Kemarin, Johan mengatakan bahwa Andi akan dimintai keterangan terkait proses pengadaan proyek Hambalang yang nilainya Rp 1,52 triliun itu. Selaku Menpora yang kemeteriannya menggarap proyek tersebut, Andi dianggap tahu seputar proses pengadaannya yang juga melibatkan Komisi X DPR.

Selain Andi, KPK juga berencana memeriksa Ketua Umum DPP Partai Demokrat, Anas Urbaningrum dalam kasus ini. Mengenai kapan Anas akan diperiksa, Johan belum dapat memastikan hal tersebut.

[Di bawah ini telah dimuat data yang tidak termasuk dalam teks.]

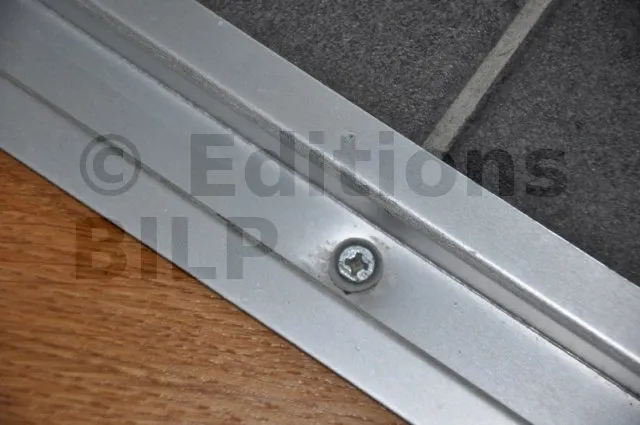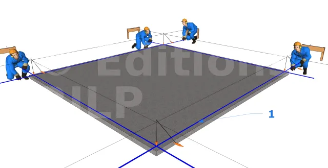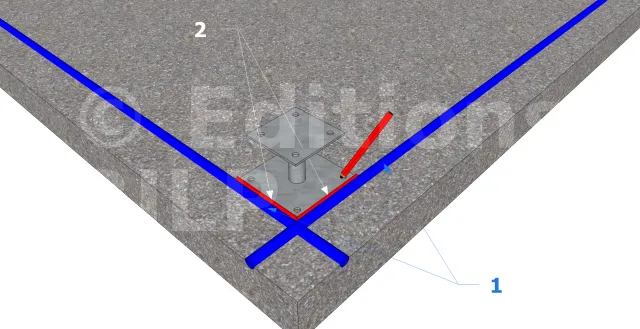 A chaque coin du tracé, placez le pied de poteau en alignant les deux côtés de la base de la platine avec les deux lignes de repère perpendiculaires. Vous pouvez ainsi repérer au crayon les points de fixation des accessoires de fixation des pieds de poteaux.

Penyelidikan kasus pembangunan pusat olahraga Hambalang ini berawal dari temuan KPK saat melakukan penggeledahan di kantor Permai Grup (perusahaan Nazaruddin), beberapa waktu lalu terkait penyidikan kasus dugaan suap wisma atlet SEA Games. Nazaruddin yang divonis empat tahun 10 bulan penjara dalam kasus suap itu, menyebut Anas sebagai pihak yang mengatur proyek Hambalang. Nazaruddin juga mengatakan, ada aliran dana Hambalang ke Anas.

Dalam Kongres Partai Demokrat di Bandung tahun lalu, kata Nazaruddin, Anas membagi-bagikan hampir 7 juta dollar AS kepada sejumlah dewan pimpinan cabang. Uang 7 juta dollar AS tersebut, katanya, berasal dari pihak Adhikarya, pelaksana proyek Hambalang.

Selain menuding Anas, Nazaruddin juga menyebut Andi dapat uang Rp 10 miliar dari proyek Hambalang. Uang tersebut, katanya, diberikan oleh Mahfud Suroso, pengusaha yang disebut sebagai orang dekat Anas Urbaningrum.

"Dari Rp 100 miliar ke Yulianis, Rp 50 miliar ke Andi katanya. Mahfud waktu itu Rp 10 miliar," kata Nazaruddin seusai diperiksa KPK, (13/4/2012).

Andi Dilapori Nazaruddin soal Sertifikat Hambalang

Dalam persidangan kasus suap wisma atlet SEA Games yang berlangsung di Pengadilan Tindak Pidana Korupsi Jakarta, beberapa waktu lalu, Ketua Komisi X DPR, Mahyuddin mengatakan kalau Nazaruddin pernah melapor ke Andi soal sertifikat lahan Hambalang yang selesai diurus.

Hal itu disampaikan Nazaruddin ke Andi dalam pertemuan yang berlangsung di kantor Andi, Januari 2010 lalu. Pertemuan itu juga diikuti Mahyuddin dan Angelina Sondakh. Menurut Mahyuddin, Andi merespon laporan Nazaruddin tersebut dengan mengucapkan "terima kasih".